Mahesh Jayakody

Personal information
- Full name: Mahesh Priyamal Jayakody
- Nationality: Sri Lankan
- Born: 5 October 1987 (age 38)

Sport
- Sport: Paralympic rowing
- Event: single sculls

= Mahesh Jayakody =

Sri Lankan para-rower

Mahesh Priyamal Jayakody (born 5 October 1987), also known as Mahesh Jayakodi or Priyamal Jayakodi, is a Sri Lankan a para-rower and a soldier. He made his debut Paralympic appearance representing Sri Lanka at the 2020 Summer Paralympics. He is the first Sri Lankan rower to compete at the Paralympics.

== Education ==
He pursued his primary and secondary education at the Dodangaslanda Central College in Kurunegala.

== Military career ==
Jayakody enlisted in the Sri Lankan Army on 12 February 2007 at the age of 20. Having passed the selection course, he joined the elite Special Forces Regiment.

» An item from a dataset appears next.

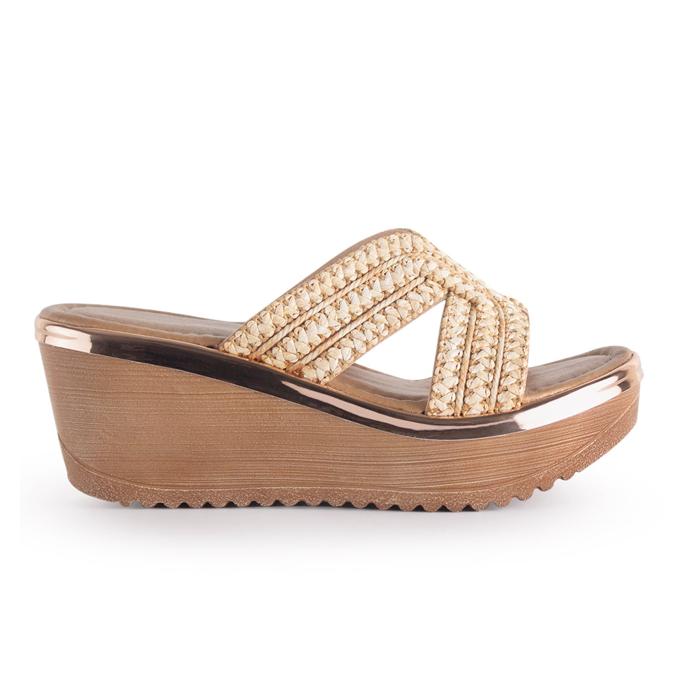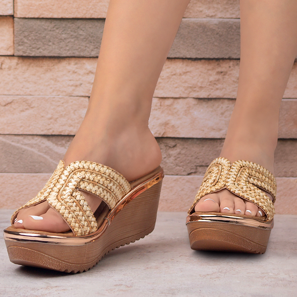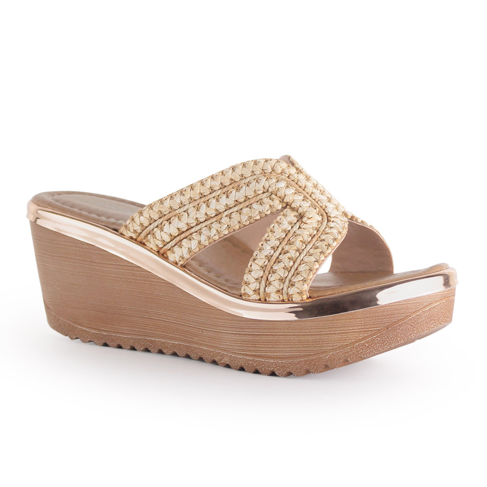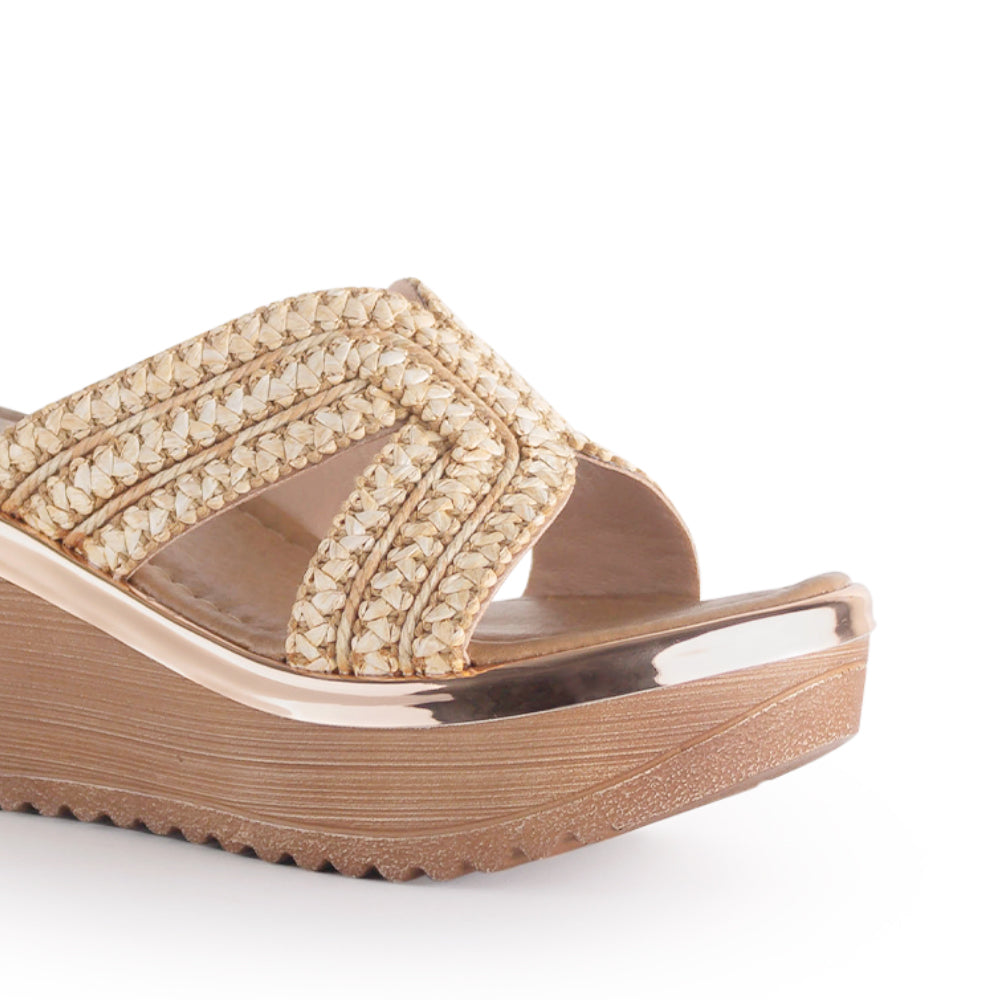Sandalias Beige Altas Moda Casual Tejidas Plataforma Elegante Dama 3402772

There he represented the Army Special Force Sports Club. He took part in the humanitarian operation in Kokkuvil in 2009 which also turned out to be his last operation. He was critically injured and became paraplegic during the final stages of the Sri Lankan Civil War on 7 April 2009 when he was serving as a staff sergeant of the Army Special Forces Unit in Puthukudiyiruppu. After being injured during the humanitarian operation in 2009, he was admitted to the Army hospital and underwent medical treatment until 2012.

== Sporting career ==
He later pursued his interest in wheelchair dancing after completing his rehabilitation process in 2012. He was encouraged to take up the sport of para-rowing in 2015 by shot put athlete Palitha Bandara and then President of National Paralympic Committee of Sri Lanka Colonel Deepal Herath. Bandara introduced him to rowing coach Lasantha Welikala.

He made his international debut in paralympic rowing in 2017 after undergoing a three-month training stint in China. He participated at the 2018 Para Rowing World Championship and was placed 17th in the men's single sculls event. He claimed a silver medal at the 2019 Asian Para Championships in Bangkok, Thailand. He also became the first Sri Lankan rower to win a medal in an international rowing competition.

He qualified to compete in the men's singles sculls competition at the 2020 Summer Paralympics after winning a gold medal in the PR1 men's singles sculls event at the 2021 Asian Continental Regatta which was held in Tokyo. He eventually became the first ever Sri Lankan rower to qualify for the Paralympics. He was placed sixth in the second preliminary round of the single sculls event with a timing of 11 minutes and 21.3 seconds and qualified to the repechage stage.